At the centre of the problem modern slavery law seeks to address is the globalisation of business supply chains. Exploitation by forced labour or slavery can happen at any stage, from mining, fishing and harvesting to manufacturing and packaging.
Proper audits of supply chains would help ensure businesses are not complicit (wittingly or unwittingly) in that exploitation.
Given New Zealand prides itself on being an early proponent of human rights such as women’s suffrage and social security, this should be taken seriously. As the business leaders’ letter put it, “Modern slavery goes against our Kiwi values.”
NZ has fallen behind
International prohibition of forced labour goes back to an International Labour Organisation treaty from 1930, the Forced Labour Convention, which New Zealand agreed to in 1938.
Moreover, all multinational companies operating in New Zealand should be taking steps to support human rights generally and ensuring they guard against forced labour.
This is required under OECD guidelines going back two decades, which New Zealand has agreed to implement.
On modern slavery, however, New Zealand now sits behind the US, the UK and Australia. What’s worse, our parliament rejected previous opportunities to make progress.
Failed attempts at reform
Section 54 of the old Customs and Excise Act 1996 prohibited the import into New Zealand of various items, including those produced “wholly or in part by prison labour”.
In 2009, then-Labour MP Maryan Street introduced a Customs and Excise (Prohibition of Imports Made by Slave Labour) Amendment Bill. This proposed that goods produced by slave labour be added to the act’s statutory list.
The bill also defined slave labour as “labour by persons over whom any or all of the powers attaching to the right of ownership are exercised”. Street noted she was following a lead set in 1930 by the USA.
International human rights treaties prohibit slavery, servitude and forced labour. But forced labour is defined in such a way that work required under a prison sentence can be permissible.
So, it seemed reasonable that a country like New Zealand, which already prohibited imports produced by prison labour, should adopt at least as strict a rule for imports linked to slavery or forced labour.
A history of political opposition
The National-led government of the day disagreed, arguing it was simply too difficult to establish which imports might have involved slave labour. The complexity of supply chains meant this would be an overly onerous task for businesses.
The combined votes of the National and ACT parties rejected further discussion at select committee level.
In 2016, then-oppostion Labour MP Peeni Henare attempted to reintroduce the bill, but the government position remained the same. The combined votes of National, ACT and United Future prevented further consideration.

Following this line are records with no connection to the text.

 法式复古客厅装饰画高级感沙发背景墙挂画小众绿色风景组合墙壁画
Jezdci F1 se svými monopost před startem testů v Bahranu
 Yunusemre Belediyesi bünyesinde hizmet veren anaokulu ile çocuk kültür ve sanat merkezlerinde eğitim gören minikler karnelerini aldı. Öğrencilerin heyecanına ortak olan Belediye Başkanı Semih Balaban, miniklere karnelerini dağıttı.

No one from the government benches was able to explain why it was any more difficult to define or audit imports produced by slave labour than those produced by prison labour.
Time to catch up
Things have changed. Last year, the Ministry of Business, Innovation and Employment released a draft plan of action against forced labour, people trafficking and slavery.
It contains many proposals, but perhaps the simplest solution lies within the new Customs and Excise Act 2018. Like its 1996 predecessor, this allows legislative orders in council to be issued that identify categories of prohibited imports. These include goods made by prison labour.

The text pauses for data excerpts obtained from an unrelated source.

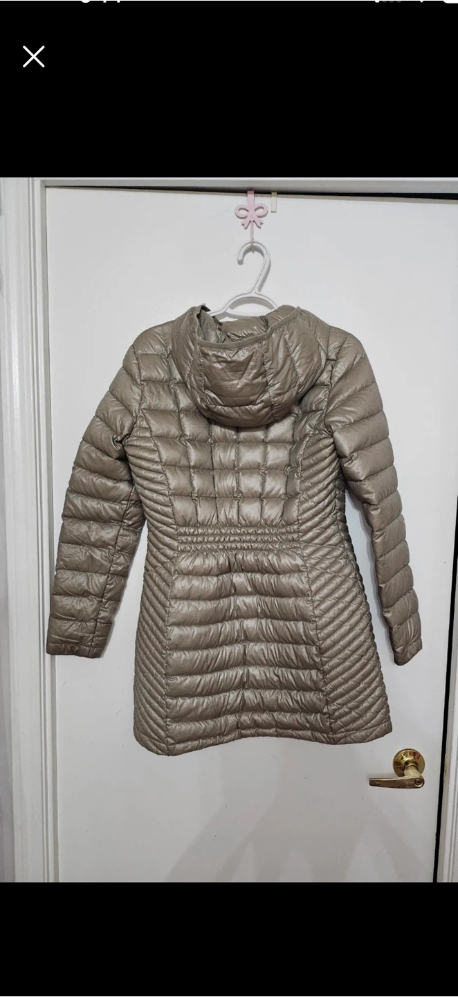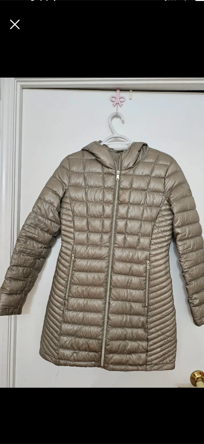 219Selling a Calvin Klein puffer jacket in a beautiful neutral tone! It's a size small and has a hood for extra warmth on those chilly days.
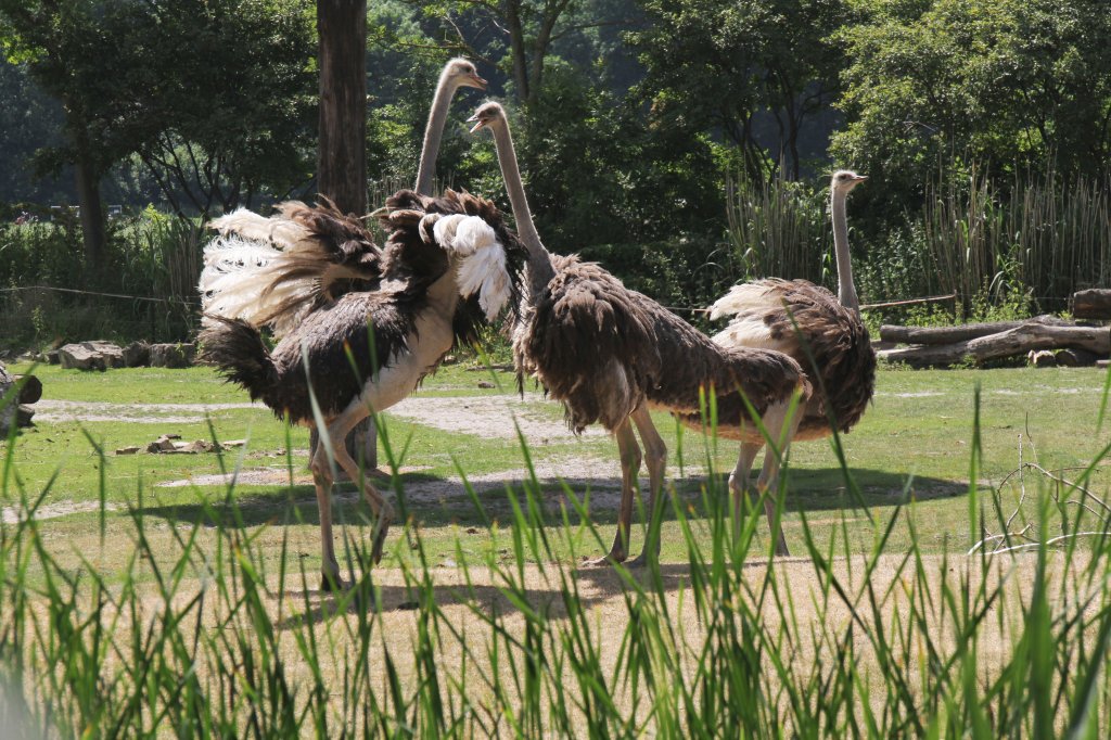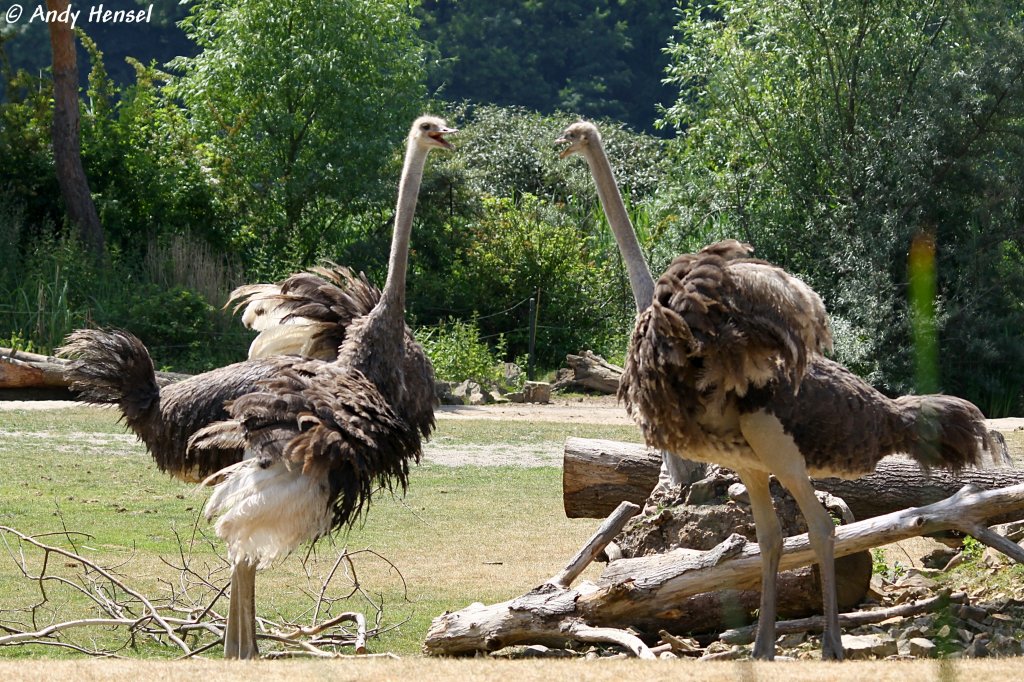 Südafrikanische Blauhalsstrausse mit Meinungsverschiedenheiten. 27.6.2010 im Leipziger Zoo.
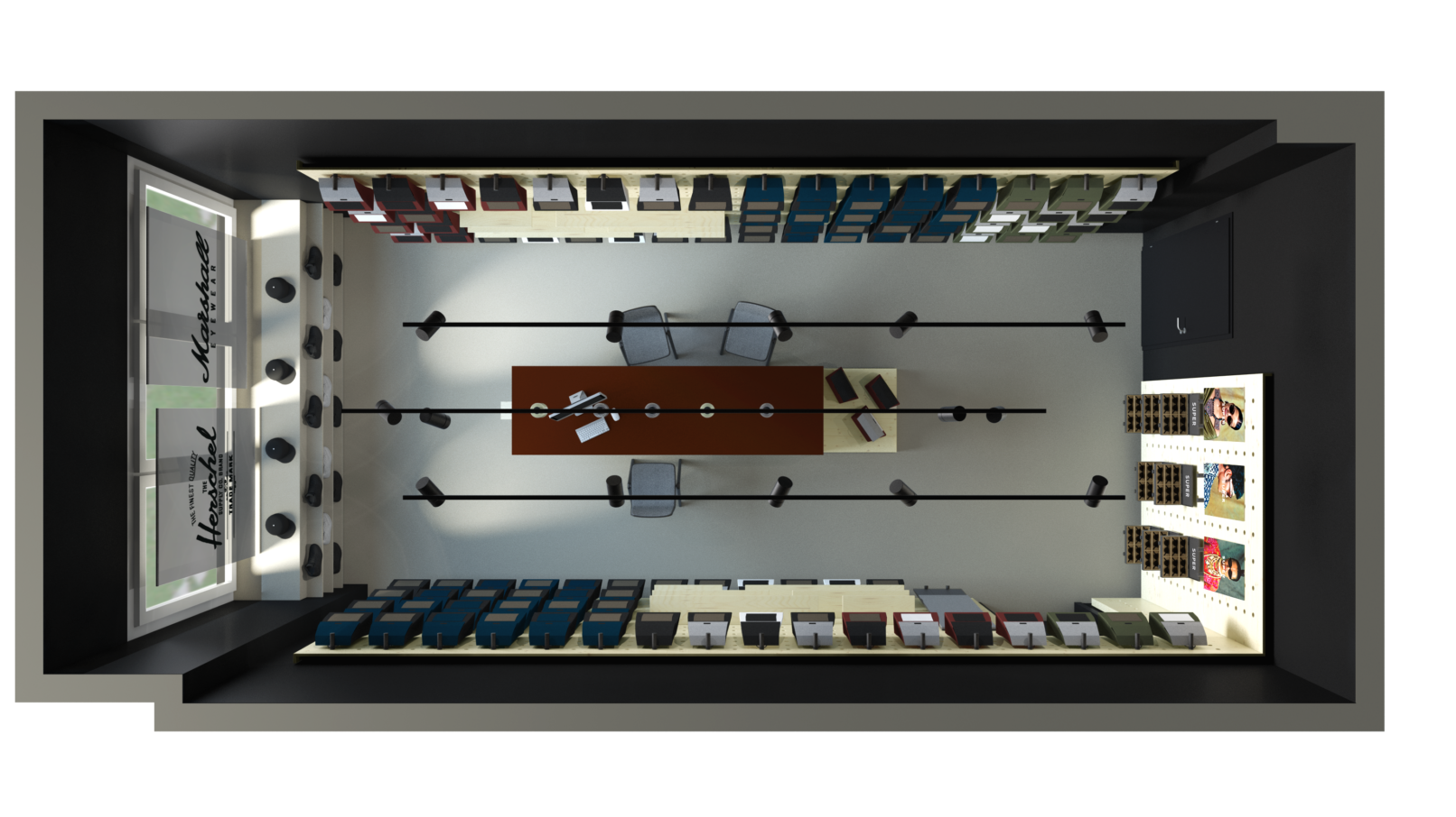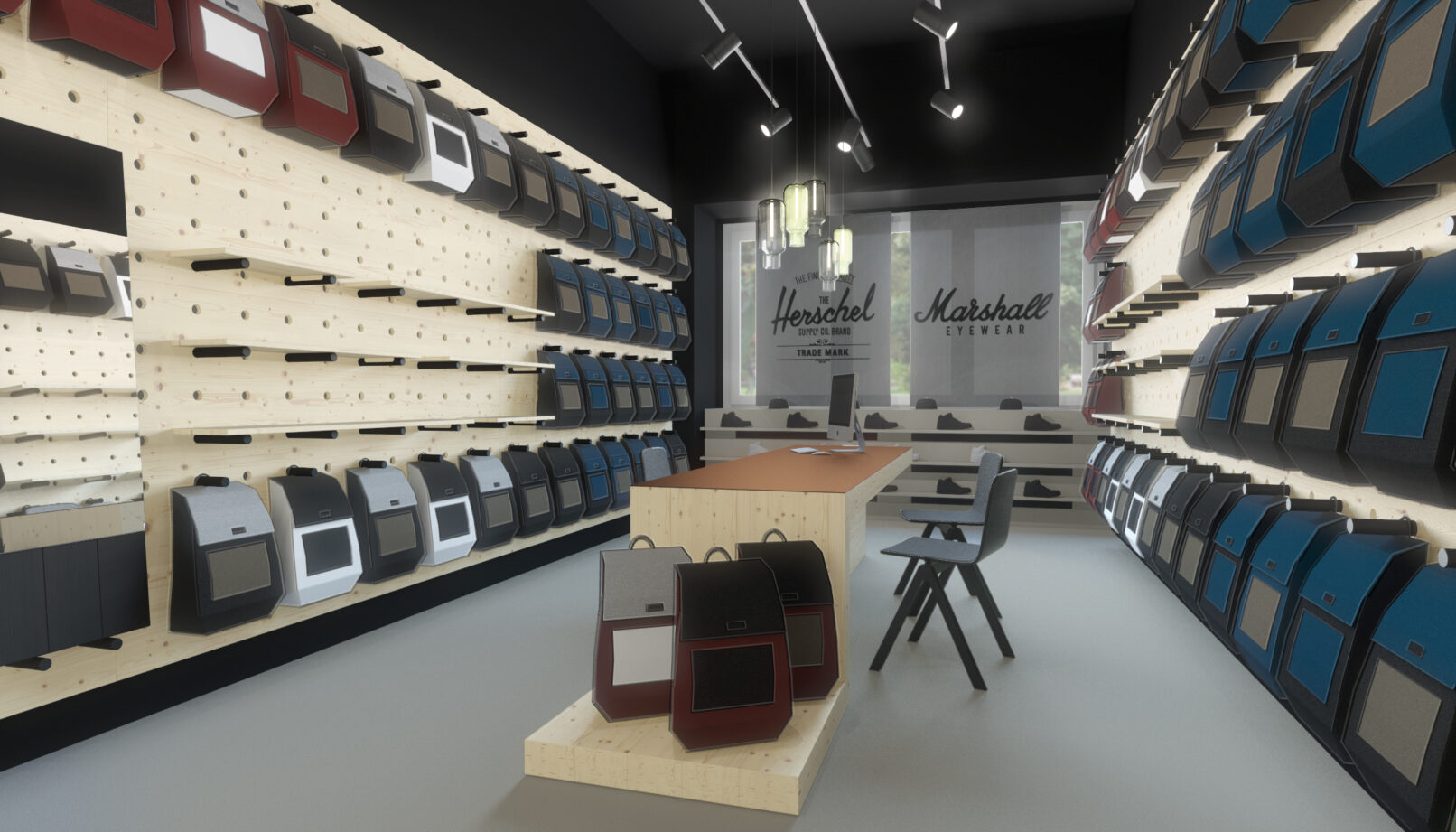 Only about 35 sqm showroom space and a tight budget for the implementation – not exactly ideal conditions for the presentation of three brands! In addition, the presentation form should also be extremely flexible, because each backpack collection of the main brand Herschel varies in color / fabric combinations. It is important that the entire collection is presented frontally, so that the customer can see the entire spectrum directly in front of his eyes.

Since orders in council are much easier to pass than conventional legislation, it is now a simple task to add the much-needed ban on the import of goods made by slave labour. This should be extended to cover all forms of forced labour.
If and when this happens, many New Zealand companies will have to audit their supply chains. But companies doing business in Australia (if they have annual revenue over AU$100 million) already have to provide a modern slavery statement.
This requires an audit of the risks in their operations and supply chains, and a statement of what has been done to address those risks.
New South Wales is planning a similar requirement for corporations with a turnover of AU$50 million or more. California has equivalent legislation, as does the United Kingdom (with a global turnover threshold of £36 million).
It is a pity the business group speaking up now was not as organised in 2009 and 2016. Had things been different, New Zealand could have built up the auditing skills needed and could even have been exporting that expertise and best practice as an industry in itself.
The political parties that supported change in 2009 and 2016 are now in government. But nothing has changed since those failed attempts to reform the law — other than that New Zealand is falling further behind its competitors.